As the cathedral bells signaled the middle of the day, and end of mass, the gilded doors opened to let out the parishioners. I readied for the oncoming rush by finishing my tepid, bitter cafecito. I tucked my tunic into the waistband of my linen trousers and straightened my leather suspenders. I finger combed my black waves, damp from the heat, before plopping my wide-brim straw hat back on. Then I tossed my pile of orange peels on the cobblestones as a snack for my helper—Pulga the Immortal—my scruffy goat, then faced my first customer of the afternoon.

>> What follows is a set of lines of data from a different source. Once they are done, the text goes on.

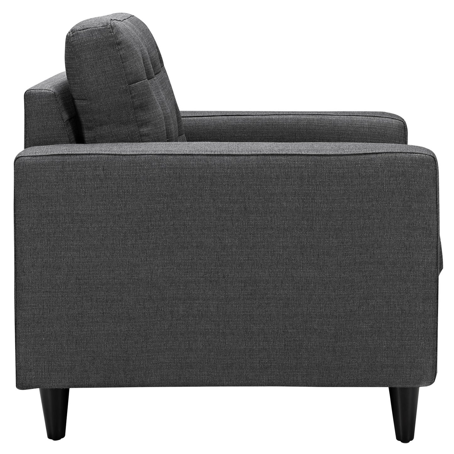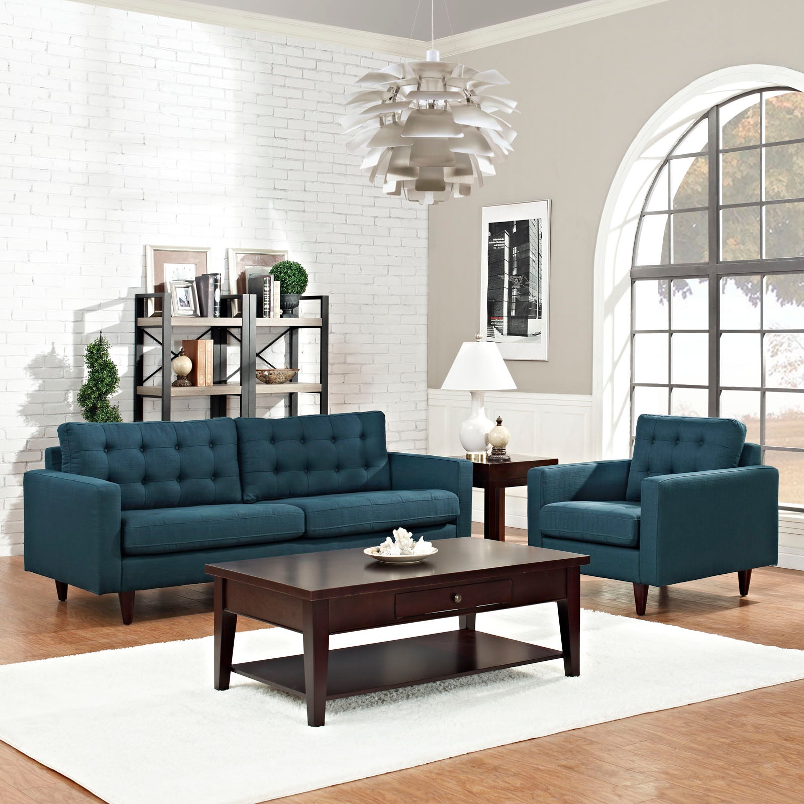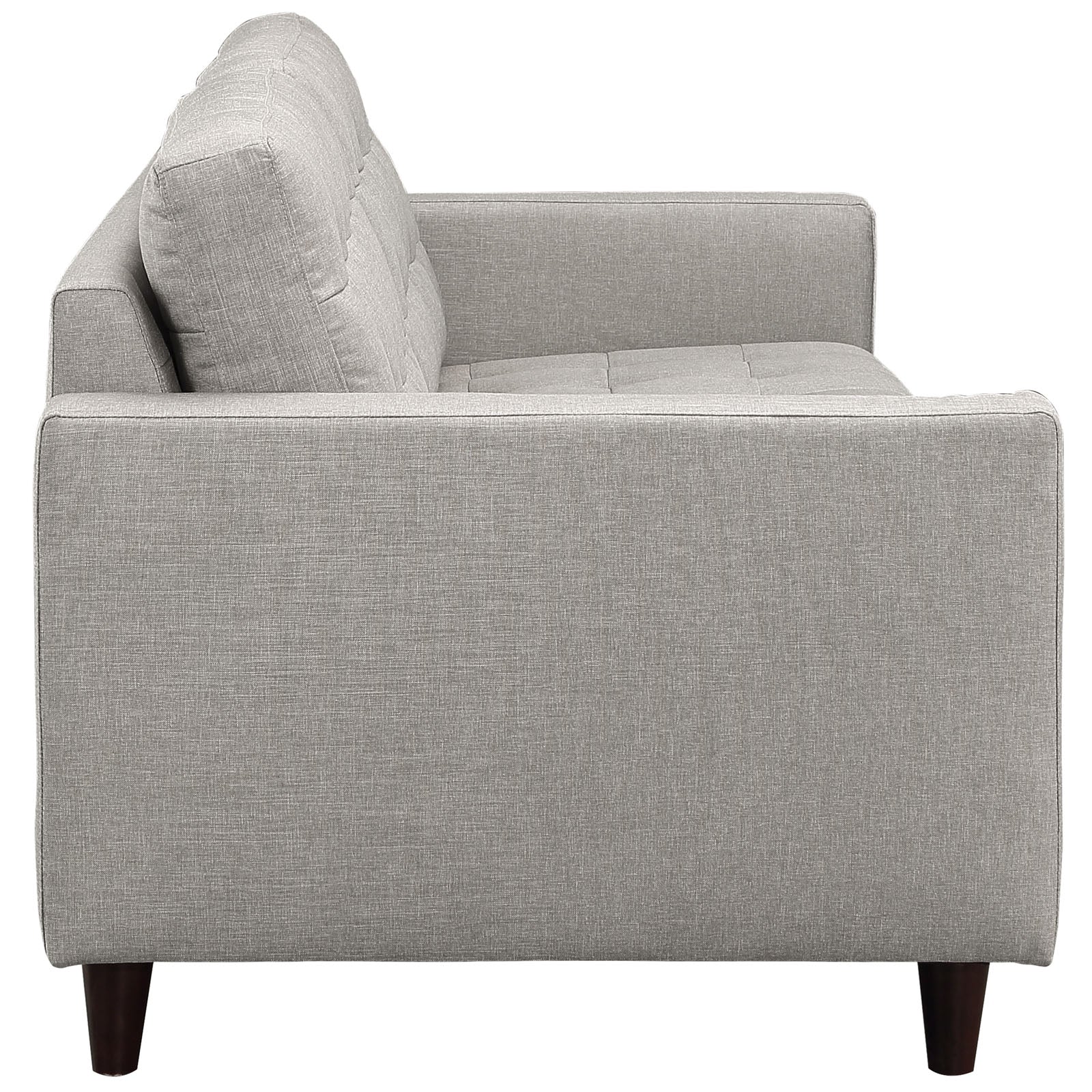 End the rule of unjust sovereignties that wage a useless war for your interiors. Empress leaves the would-be heiress of holistic furnishings in the dust with a design that rivals any competitor. Empress is heralded with deeply tufted buttons, plush cushions, and armrests that convey that perfect air of nobility. The solid wood legs come with plastic glides to prevent floor scratching, and the fine fabric upholstery leaves the recipients feeling richly rewarded.
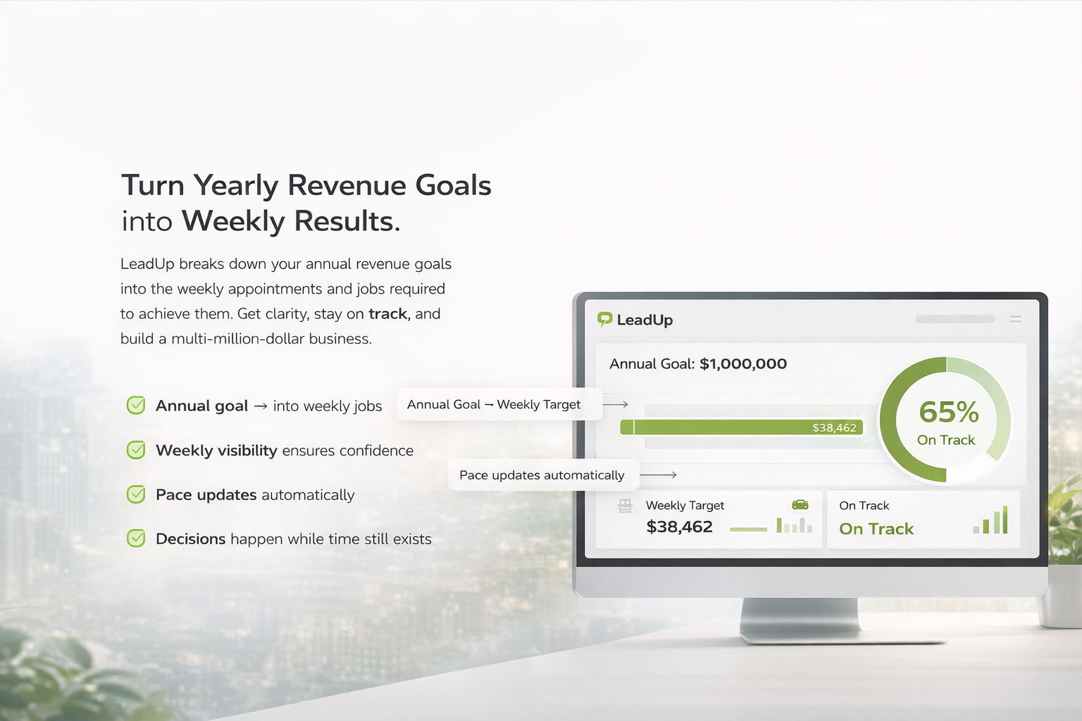 LeadUp is a revenue accountability system built for contractors who want to know—every week—if they’re actually on track.
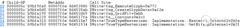 當復合字形?(AE,HTML實體Æ,U + 00C6)被柵格化時,函數DWrite! fsg_ExecuteGlyph崩潰,調用棧如下:
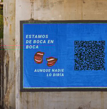Cartelería urbana minimalista: Azul corporativo + tipografía Roboto Black + ilustración de dos bocas. Presencia en zonas de tránsito, puntos clave de ocio, espacios de verano.
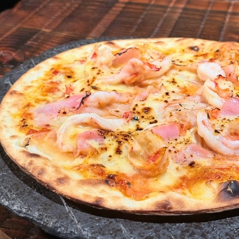海老と燻製ベーコンのピッツァ 1,265円 ぷりっぷりの海老がたっぷり入った贅沢ピッツァ!
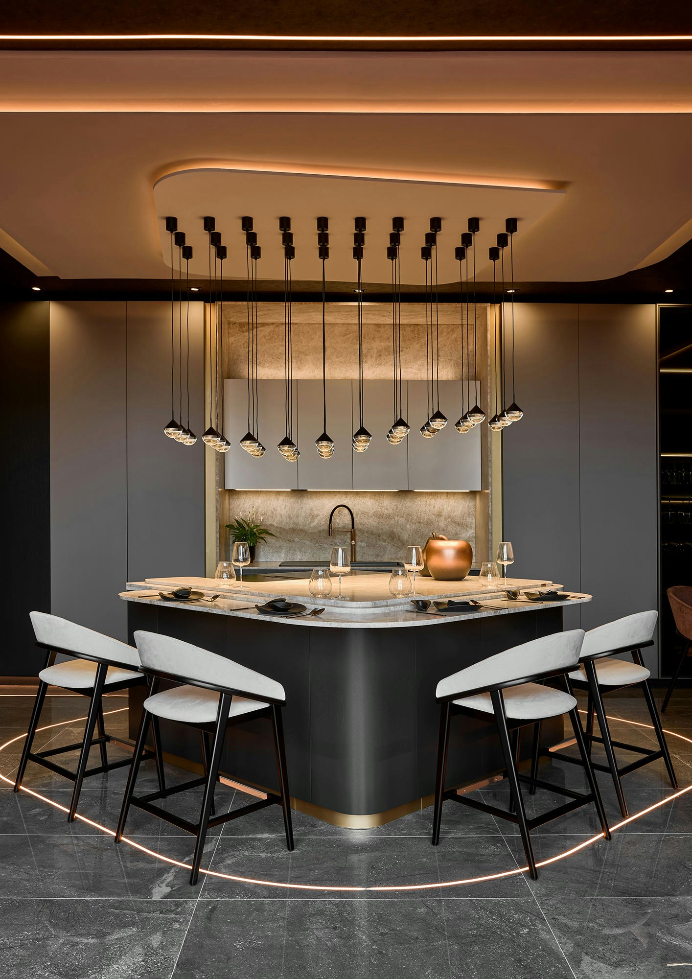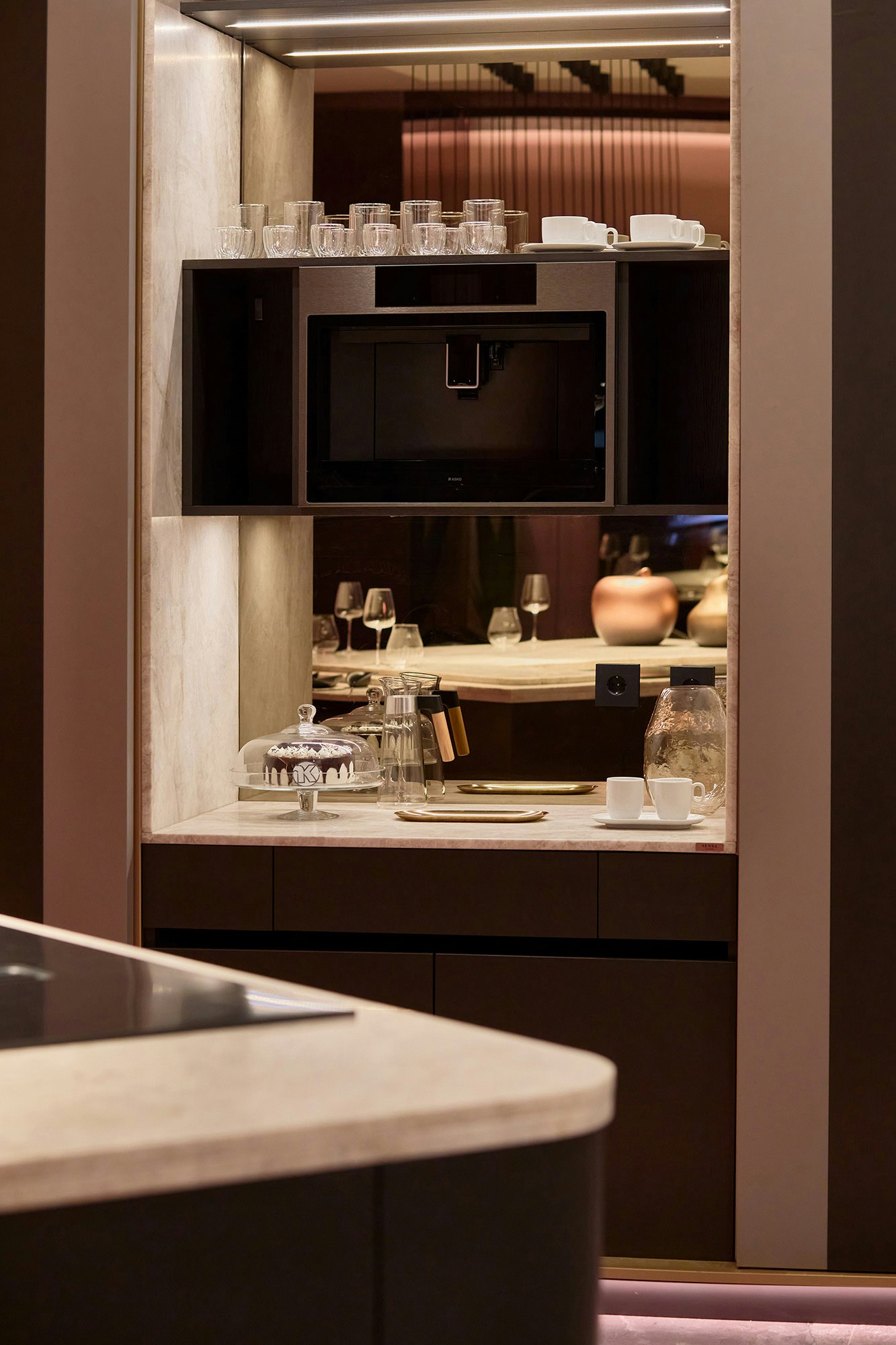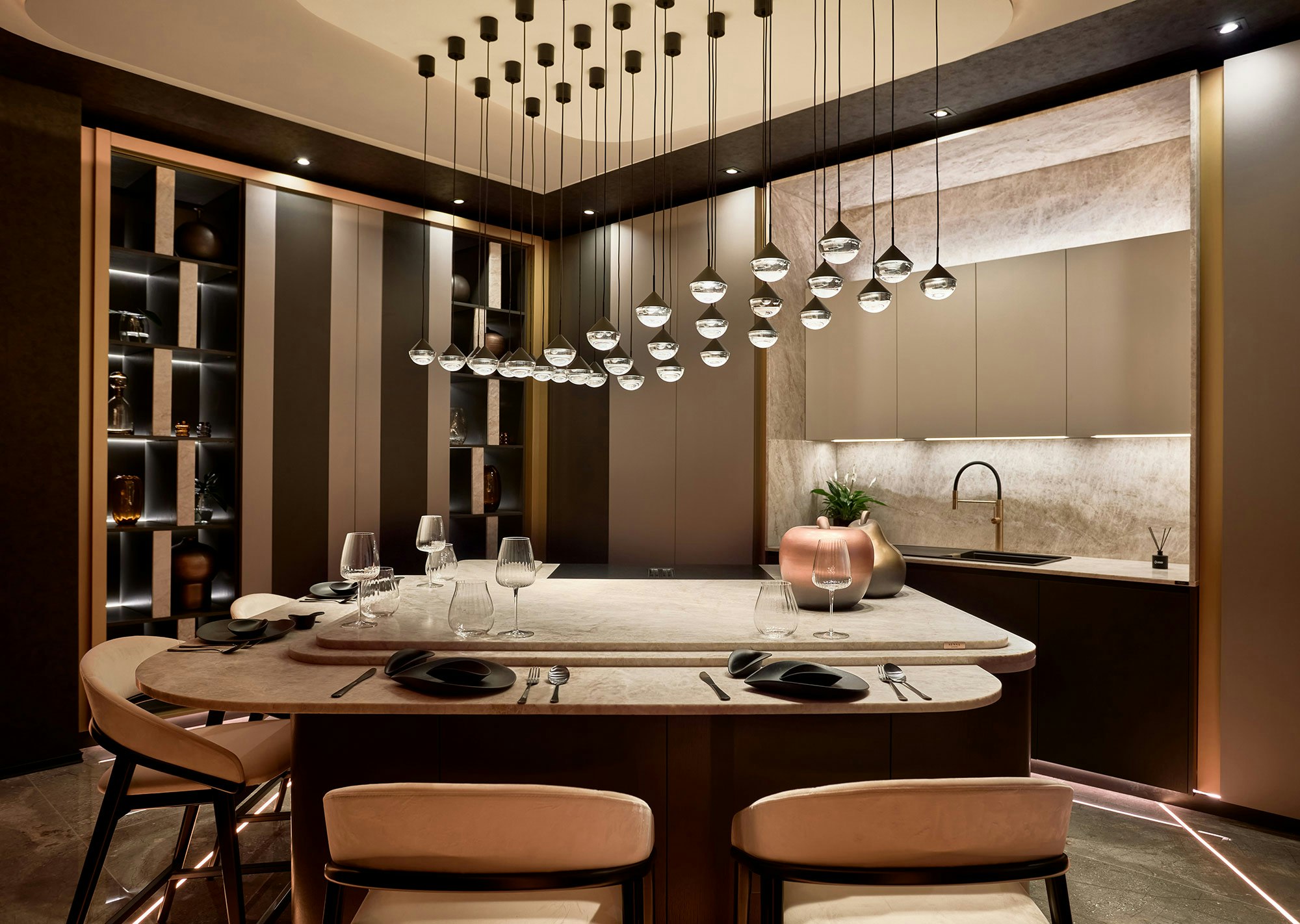 Para las encimeras e isla de este espacio de Inko Cocinas en MIAD 2025, Cynthia Román eligió Sensa Taj Mahal de Cosentino.

“Buen dia, Leonidas!” Don Teodoro shouted, plopping his basket down between us, loaded full of fruits and a few heads of purple corn. He was deaf in one ear, from his turn at the draft. Thin scars spread from his ear like an intricate spider web against his bronze, brown skin. He jabbed at his hip and said, “Haven’t seen you were yay tall. Shot up like a palm tree, didn’t you?”
I had, in fact, seen him at luceres mass the previous week, but still, I humored him, and accepted the handful of sucres he handed me. “Just trying to catch up to you, señor.”
“Oh, you’ll have a crackin’ good time tomorrow night, I bet.” He wagged an arthritis-swollen finger at me, and smirked like we were in on the same joke. “Take it from me, take a step back before you jump into marriage.”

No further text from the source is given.